Collection of data on plant height along the plant diversity gradient in the Jena Experiment (Main Experiment, time series since 2002)

This data set contains a time series of plant height measurements (vegetative and reproductive) from the main experiment plots of a large grassland biodiversity experiment (the Jena Experiment; see further details below). In addition, data on species specific plant heights for the main experiment are available from 2002. In the main experiment, 82 grassland plots of 20 x 20 m were established from a pool of 60 species belonging to four functional groups (grasses, legumes, tall and small herbs). In May 2002, varying numbers of plant species from this species pool were sown into the plots to create a gradient of plant species richness (1, 2, 4, 8, 16 and 60 species) and functional richness (1, 2, 3, 4 functional groups). Plots were maintained by bi-annual weeding and mowing. 1. Plant height was recorded, generally, twice a year just before biomass harvest (during peak standing biomass in late May and in late August). Methodologies of measuring height have varied somewhat over the years. In earlier year the streched plant height was measured, while in later years the standing height without streching the plant was measured. Vegetative height was measured either as the height of the highest leaf or as the length of the main axis of non-flowering plants. Regenerating height was measured either as the height of the highest flower on a plant or as the height of the main axis of flowering. Sampled plants were either randomly selected in the core area of plots or along transects in defined distances. For details refer to the description of individual years. Starting in 2006, also the plots of the management experiment, that altered mowing frequency and fertilized subplots (see further details in the general description of the Jena Experiment) were sampled. 2. Species specific plant height was recorded two times in 2002: in late July (vegetative height) and just before biomass harvest during peak standing biomass in late August (vegetative and regenerative height). For each plot and each sown species in the species pool, 3 plant individuals (if present) from the central area of the plots were randomly selected and used to measure vegetative height (non-flowering indviduals) and regenerative height (flowering individuals) as stretched height. Provided are the means over the three measuremnts per plant species per plot.
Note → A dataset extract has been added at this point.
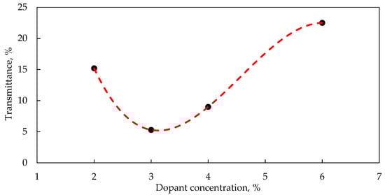 Change in direct optical light transmission of a PFLC light diffuser element in relation to dopant concentration. Utilized light source: white LED.
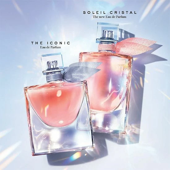 About the Bottle: In hand, the La Vie Est Belle Soleil Cristal perfume bottle reveals its infinite holographic shades, like a crystal diffracting the light that passes through it. From its warm golden heart to the tip of its iridescent wings, light radiates from the perfume bottle like a halo of happiness.

Plant height along the plant diversity gradient in the Jena Experiment (Main Experiment, year 2002)

This data set contains measurements of plant height: vegetative height (non-flowering indviduals) and regenerative height (flowering individuals) in 2002 from the Main Experiment plots of a large grassland biodiversity experiment (the Jena Experiment; see further details below). In the Main Experiment, 82 grassland plots of 20 x 20 m were established from a pool of 60 species belonging to four functional groups (grasses, legumes, tall and small herbs). In May 2002, varying numbers of plant species from this species pool were sown into the plots to create a gradient of plant species richness (1, 2, 4, 8, 16 and 60 species) and functional richness (1, 2, 3, 4 functional groups). Plots were maintained by bi-annual weeding and mowing. In 2002, plant height was recorded twice a year: in late June and just before biomass harvest during peak standing biomass in late August. For 3 target plant individuals (if present) per sown species from the central area of the plots, vegetative height (non-flowering indviduals) and regenerative height (flowering individuals) were measured as stretched height. Provided are the indivdiual measurements and the mean over the measured plants per plot (in June) and the mean over the measured plants per plot (in August).